The present study is an empirical contribution to the controversy over whether the poor social performance and lower social class of schizophrenic patients are consequences of the illness, consequences of changes in the individuals predisposed to develop schizophrenia or are due to the adverse social conditions that lead to schizophrenia. The study focuses on the socioeconomic status at onset, on the performance of social roles in the early course of schizophrenia by taking age, gender and the individual level of social development into account. In a representative sample of 232 first episodes of schizophrenia age and type of onset.type and accumulation of symptoms and social functioning in the prodromal and the psychotic prephase and at first admission were assessed and analysed for their predictive power concerning social disability 2 years after first admission. In a case-control study expected and observed social functioning from onset until first admission were compared. The subsequent course was followed up prospectively in five cross sections until 2 years after first admission.

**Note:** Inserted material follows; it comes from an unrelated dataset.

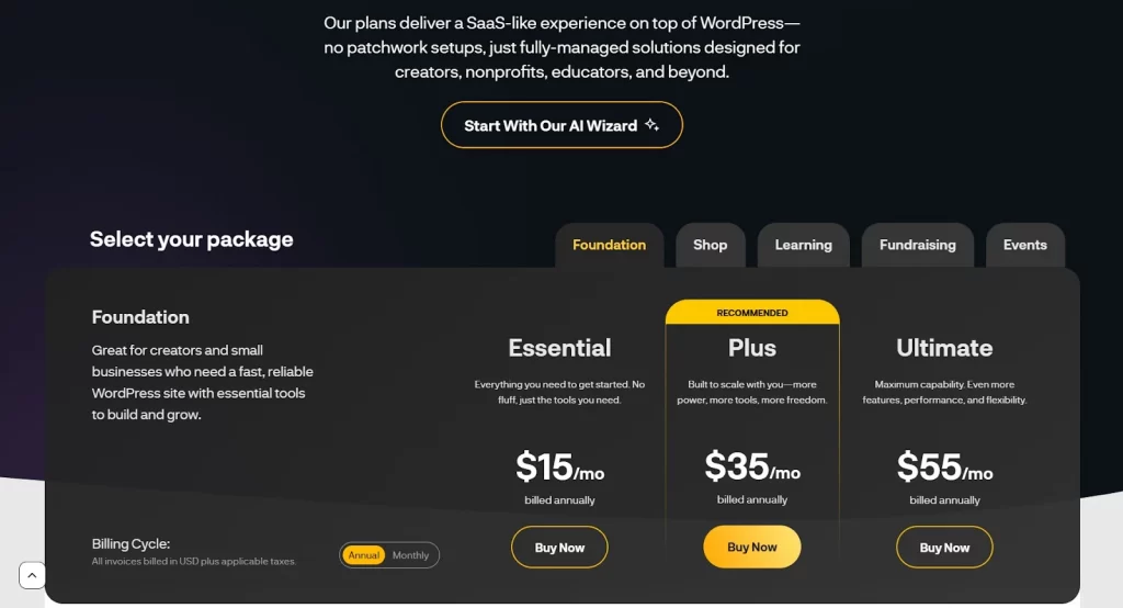 The Ultimate Plan is for people who want the best of everything: speed, flexibility, and performance. This plan can handle big websites or online stores with ease. It has 100GB of storage, 5TB of bandwidth, and premium features like enterprise-grade caching, mega menus, and 8,000 AI writing credits per year. This plan will give you the fastest and smoothest experience if you want to be serious about your online presence or run an eCommerce site.
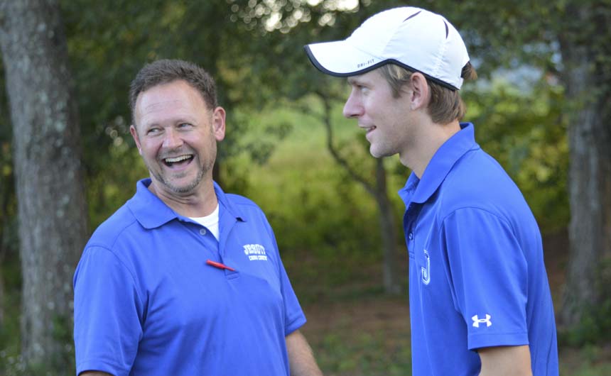 Chris Ross and Brenner Rauch take on the first of the vaunted tee box hills. -

In women the age at onset was significantly higher than in men, whereas symptomatology and type of onset showed no gender differences. In 73% of the sample the prodromal phase covered 5 years on average, and the psychotic prephase (until the maximum of positive symptoms) 1.1 years. Deficits in social functioning occurred predominantly during the prodromal and the psychotic prephase. The course over 14 years showed stable group trends in social and symptom measures. By the end of the prodromal phase it was possible to predict social disability 2 years after first admission with a correct classification of 81%. The main factor determining social outcome appeared to be the acquired social status during the prodromal phase of the disorder. The unfavourable early course in men was due mainly to their significantly lower age at onset. These results raise questions concerning an earlier therapeutic and rehabilitative intervention.

摘要

本研究是对有关精神分裂症患者社会表现不佳和社会阶层较低是疾病的后果、易患精神分裂症个体变化的后果还是导致精神分裂症的不良社会条件所致这一争议的实证贡献。该研究关注发病时的社会经济状况,通过考虑年龄、性别和个体社会发展水平,考察精神分裂症早期病程中社会角色的表现。在一个包含232例首发精神分裂症的代表性样本中,评估并分析了发病年龄和类型、症状类型及累积情况以及前驱期和精神病前期及首次入院时的社会功能,以了解它们对首次入院后2年社会残疾的预测能力。在一项病例对照研究中,比较了从发病到首次入院期间预期和观察到的社会功能。随后对其病程进行前瞻性追踪,分五个阶段进行,直至首次入院后2年。女性的发病年龄显著高于男性,而症状学和发病类型没有性别差异。在73%的样本中,前驱期平均持续5年,精神病前期(直至阳性症状达到峰值)持续1.1年。社会功能缺陷主要出现在前驱期和精神病前期。14年的病程显示,社会和症状指标呈现稳定的群体趋势。在前驱期末,可以预测首次入院后2年的社会残疾情况,正确分类率为81%。决定社会结局的主要因素似乎是疾病前驱期获得的社会地位。男性早期病程不利主要是因为他们的发病年龄显著较低。这些结果引发了关于早期治疗和康复干预的问题。